2026-07-21 19:18:55 +00:00 · 2021-06-18 13:13:45 -07:00 · 2021-06-18 13:13:45 -07:00 · 7701c8703e
commit 7701c8703e
parent 08eeb8763d
4 changed files with 49 additions and 3 deletions
--- a/orttraining/orttraining/python/training/ortmodule/ortmodule.py
+++ b/orttraining/orttraining/python/training/ortmodule/ortmodule.py
@ -193,3 +193,18 @@ class ORTModule(torch.nn.Module):
        """Raises a NotImplementedError exception since ORTModule does not support adding modules to it"""

        raise NotImplementedError("ORTModule does not support adding modules to it.")
+
+    @property
+    def module(self):
+        """The original `torch.nn.Module` that this module wraps.
+
+        This property provides access to methods and properties on the original module.
+        """
+
+        # HuggingFace Trainer `save_model` method checks to see if the input model is a HuggingFace PreTrainedModel
+        # or if the model has an attribute called `module` which references a HuggingFace PreTrainedModel to save
+        # the entire context of the model so that it can be loaded using HuggingFace `from_pretrained` method.
+        # This `module` property enables HuggingFace Trainer to retrieve the underlying PreTrainedModel inside ORTModule
+        # to save and load a complete checkpoint
+
+        return self._module_metadata.original_module
--- a/orttraining/orttraining/test/python/orttraining_test_ortmodule_api.py
+++ b/orttraining/orttraining/test/python/orttraining_test_ortmodule_api.py
@ -6,7 +6,7 @@ import math
 import random
 import copy
 import torch
-from transformers import AutoConfig, BertForSequenceClassification
+from transformers import AutoConfig, BertForSequenceClassification, Trainer
 from transformers.modeling_outputs import SequenceClassifierOutput
 import pytest
 from time import sleep
@ -15,6 +15,7 @@ from unittest.mock import patch
 from collections import OrderedDict
 from collections import namedtuple
 from inspect import signature
+import tempfile

 from onnxruntime.training.ortmodule import ORTModule, _utils, _io
 import _test_helpers
@ -2777,3 +2778,33 @@ def test_load_state_dict_for_wrapped_ortmodule():
    for param_name, param_value in state_dict1.items():
        assert param_name in state_dict2
        assert torch.equal(param_value, state_dict2[param_name])
+
+def test_hf_save_pretrained():
+    device = 'cuda'
+
+    model1 = _get_bert_for_sequence_classification_model(device)
+    model1 = ORTModule(model1)
+    state_dict = model1.state_dict()
+    list(next(iter(state_dict.items())))[1] += 100
+    model1.load_state_dict(state_dict)
+
+    trainer = Trainer(model=model1)
+
+    # Assert that ORTModule has an attribute called module.

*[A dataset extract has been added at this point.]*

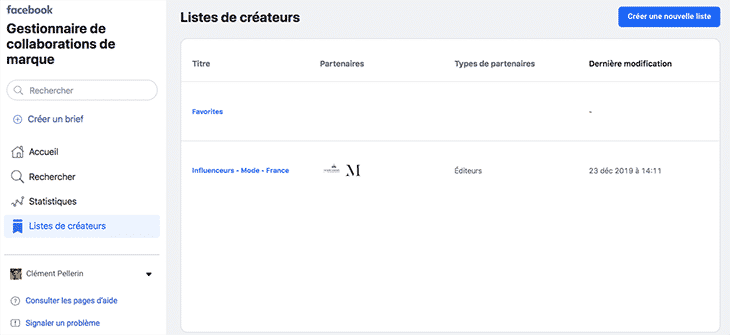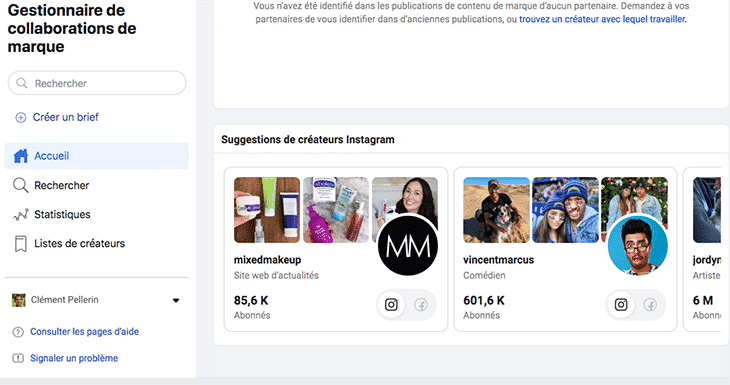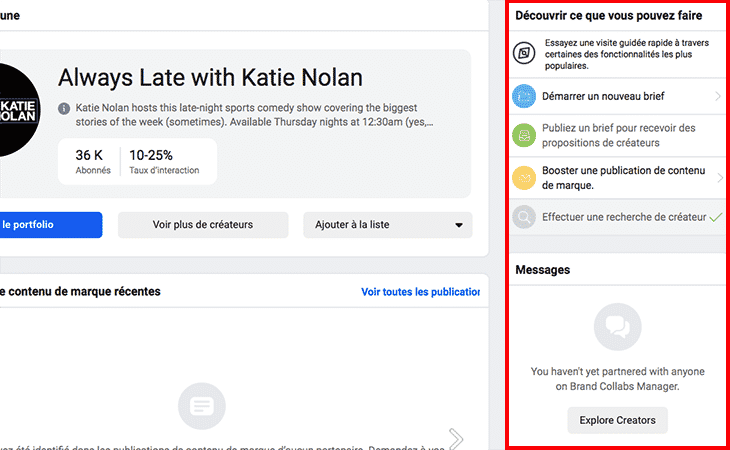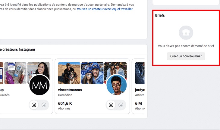 2) Les fonctionnalités du Brand Collabs Manager Facebook

This attribute is used
+    # for trainer.save_model to reference the underlying HuggingFace PreTrainedModel
+    assert hasattr(model1, "module")
+
+    # Create a temporary directory for the checkpoint from save_pretrained
+    with tempfile.TemporaryDirectory() as temporary_dir:
+        trainer.save_model(temporary_dir)
+
+        # Create a new model and compare all state dictionary values for equality
+        # to check if from_pretrained worked.
+        config = AutoConfig.from_pretrained(temporary_dir)
+        model2 = BertForSequenceClassification.from_pretrained(
+            temporary_dir, config=config,
+        ).to(device)
+        model2 = ORTModule(model2)
+
+        for p1, p2 in zip(model1.parameters(), model2.parameters()):
+            assert p1.data.ne(p2.data).sum() == 0
--- a/tools/ci_build/github/azure-pipelines/orttraining-linux-gpu-ci-pipeline.yml
+++ b/tools/ci_build/github/azure-pipelines/orttraining-linux-gpu-ci-pipeline.yml
@ -23,7 +23,7 @@ jobs:
    DockerImageTag: 'onnxruntime_orttraining_ortmodule_tests_image'
    BuildConfig: $(buildConfig)
    ArtifactName: 'drop-linux'
-    TimeoutInMinutes: 120
+    TimeoutInMinutes: 140
    # Enable unreleased onnx opsets in CI builds
    # This facilitates testing the implementation for the new opsets
    AllowReleasedOpsetOnly: '0'
--- a/tools/ci_build/github/linux/docker/scripts/training/ortmodule/stage2/requirements.txt
+++ b/tools/ci_build/github/linux/docker/scripts/training/ortmodule/stage2/requirements.txt
@ -1,7 +1,7 @@
 pandas
 sklearn
 numpy==1.19.5
-transformers==v4.3.2
+transformers==v4.4.2
 tensorboard>=2.2.0,<2.5.0
 h5py
 wget